───── Data extract ─────

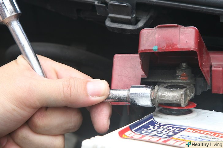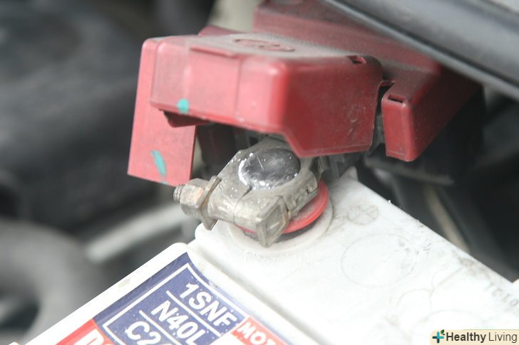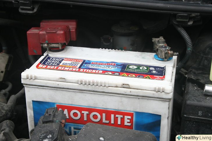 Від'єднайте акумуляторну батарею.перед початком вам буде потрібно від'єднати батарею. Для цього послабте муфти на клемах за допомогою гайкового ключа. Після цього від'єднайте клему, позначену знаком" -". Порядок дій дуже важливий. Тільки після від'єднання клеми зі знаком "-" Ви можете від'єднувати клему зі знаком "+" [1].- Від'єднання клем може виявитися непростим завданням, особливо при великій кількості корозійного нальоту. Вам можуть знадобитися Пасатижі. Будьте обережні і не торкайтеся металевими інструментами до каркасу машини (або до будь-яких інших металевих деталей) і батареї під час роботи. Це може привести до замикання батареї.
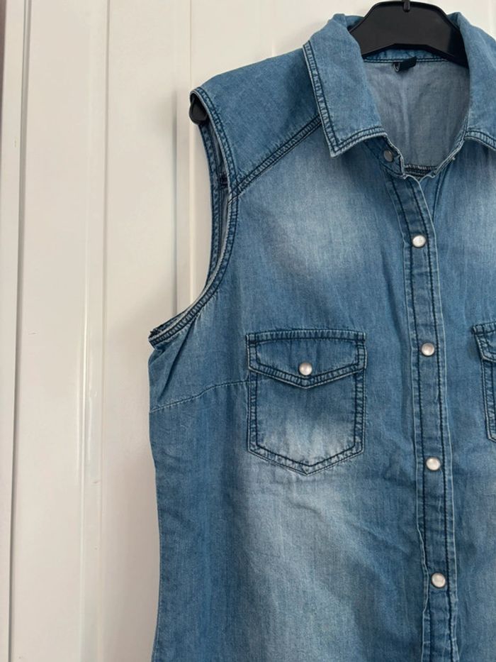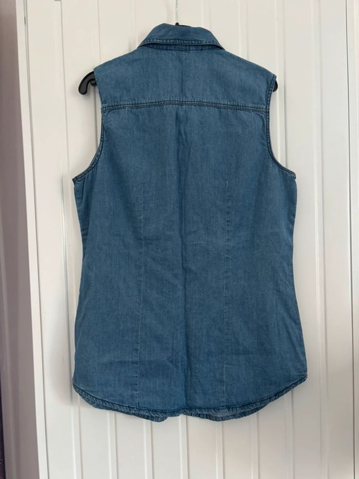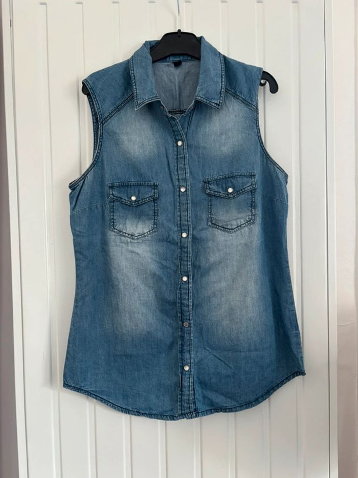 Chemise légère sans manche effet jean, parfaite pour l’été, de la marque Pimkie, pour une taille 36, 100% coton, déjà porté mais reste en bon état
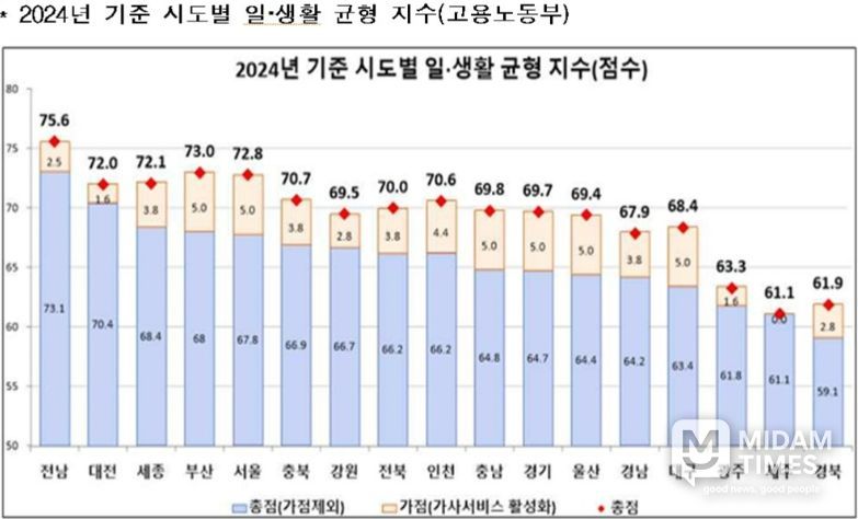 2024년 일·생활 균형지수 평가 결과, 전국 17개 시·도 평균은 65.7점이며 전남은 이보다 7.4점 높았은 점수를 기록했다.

─────

_Directions_: From the line containing "Chemise légère sans" to the final line above, both included, transcribe every line exactly and leave all pictures out.

_Result of the exercise_:
 Chemise légère sans manche effet jean, parfaite pour l’été, de la marque Pimkie, pour une taille 36, 100% coton, déjà porté mais reste en bon état
 2024년 일·생활 균형지수 평가 결과, 전국 17개 시·도 평균은 65.7점이며 전남은 이보다 7.4점 높았은 점수를 기록했다.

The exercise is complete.